Effects of mineral salts and calcium chelating agents on the functionalities of milk protein concentrate prepared by ultrafiltration
Functionality of milk protein concentrates can be tailored by modifying state of casein micelles through manipulation of processing conditions including temperature, pH and/or addition of calcium chelators. The objective of this study was to investigate the effect of calcium and calcium chelating agents (EDTA and citrate) on the performance of membrane ultrafiltration (UF) process and the functionalities of resulting milk protein concentrates (MPC). Skim milk adjusted to pH 5.9 was pre-treated with EDTA or citric acid (10, 20 or 30 mmol) and ultrafiltered using a polyethersulfone (PES) membrane at 15°C to five times concentration factor. The membrane performance was measured by the permeate flux during UF process. Used membranes were examined using scanning electron microscopy (SEM). The MPC samples were freeze dried and powders were assessed for physical functionalities including solubility, heat stability and emulsification.
Addition of chilators led to a shift in a protein-mineral equilibrium and calcium dissociation from the casein micelle. The total calcium in the final MPC was reduced (p<0.05) from 191 (control) to 131 mM or 135 mM for skim milk pre-treated with 30 mmol of EDTA or citrate, respectively. The casein micelle particle size was subsequently reduced (p<0.05) from 200 nm (control) to 28 nm or 24 nm for the milk pre-treated with EDTA or citrate at concentrations equal to or greater than 20 mmol. Consequently, solubility of the MPC increased (p<0.05) from 92% (control) to 98% (ETDA, ≥20 mmol) or 98.9% (citrate, 30 mmol); heat stability was also enhanced (p<0.05) from 78% (control) to 83% (EDTA, 20 mmol) or 87% (citrate, ≥20 mmol). The emulsion capacity has increased from 1170 (control) to 1392 or 1459 (g oil/ g protein) (p<0.05) when 30 mmol of EDTA or citrate were added, respectively. Addition of EDTA or citrate hindered the membrane performance as observed by reduced permeate flux from 10.5 kg/h.m2 (control) to 7.9 kg/h.m2 (EDTA, ≥20 mmol) and 8.6 kg/h.m2(citrate, ≥20 mmol) at the start of UF. Consequently UF processing time increased from 5 h (control) to 7 h (EDTA) or 6 h (citrate).

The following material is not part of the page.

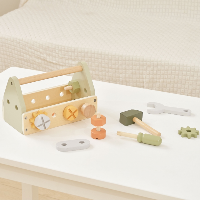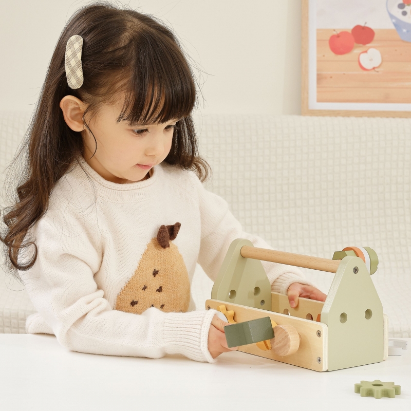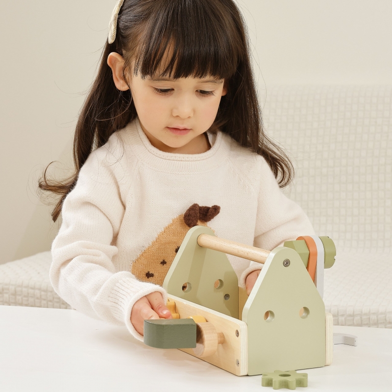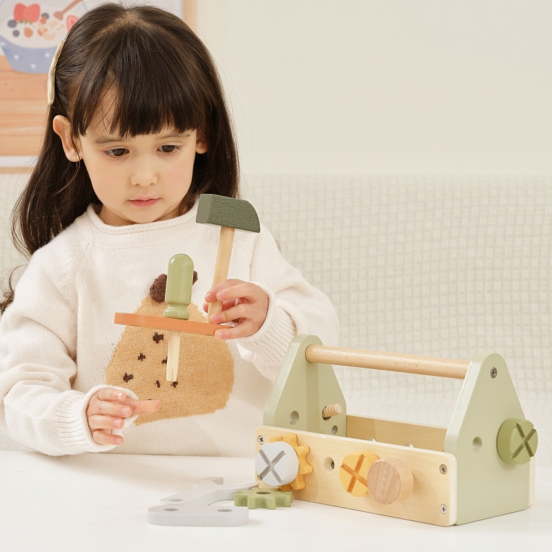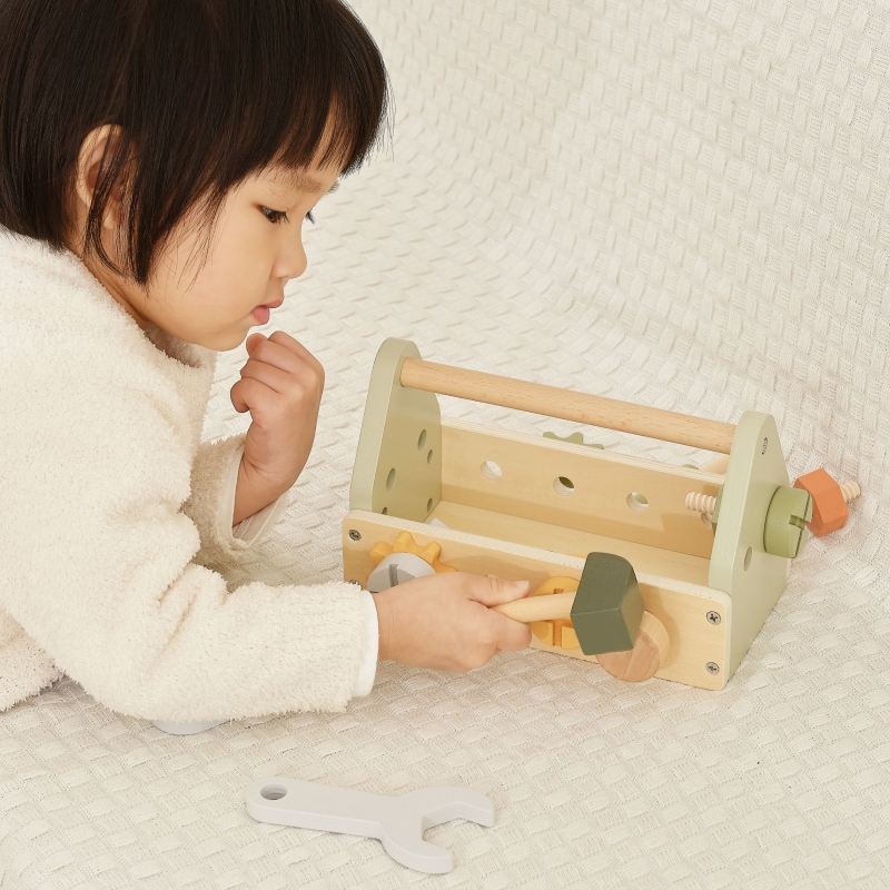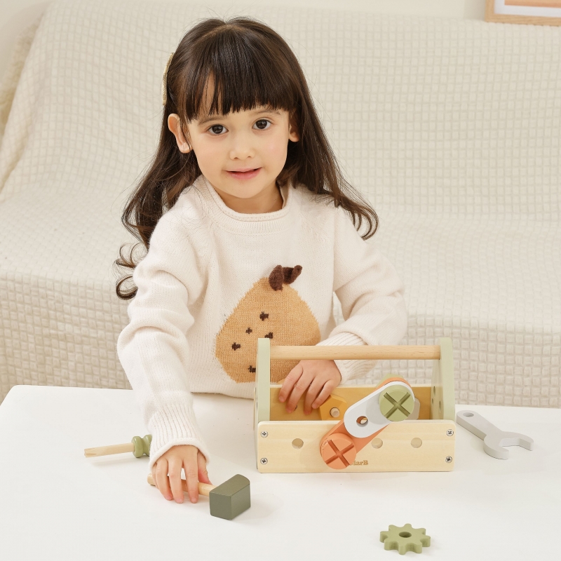 Drewniana Skrzynka z Narzędziami marki Viga z kolekcji PolarB zapewni wspaniałą zabawę każdemu małemu majsterkowiczowi. Zestaw zawiera młotek, klucz, śrubokręt, 4 pary śrub i nakrętek, kołek, 2 koła zębate i 2 panele z otworami. Dzieci mogą poznawać różne narzędzia i rozwijać umiejętności obracania, uderzania i dopasowywania. Zabawa w majsterkowanie wspomoże rozwój zdolności manualnych, zaciekawi i pobudzi wyobraźnię dziecka.

This work has provided new insights into the relationship between calcium, calcium chelators and their influence on the casein micelle size and the physico-chemical properties of MPC produced using UF, and also demonstrated the potential of using EDTA and citrate acid to manipulate MPC product functionality using UF.
Keywords: Milk Protein Concentrate (MPC), Functionality, Ultrafiltration (UF), Membrane, Calcium Chelator, Casein Micelle.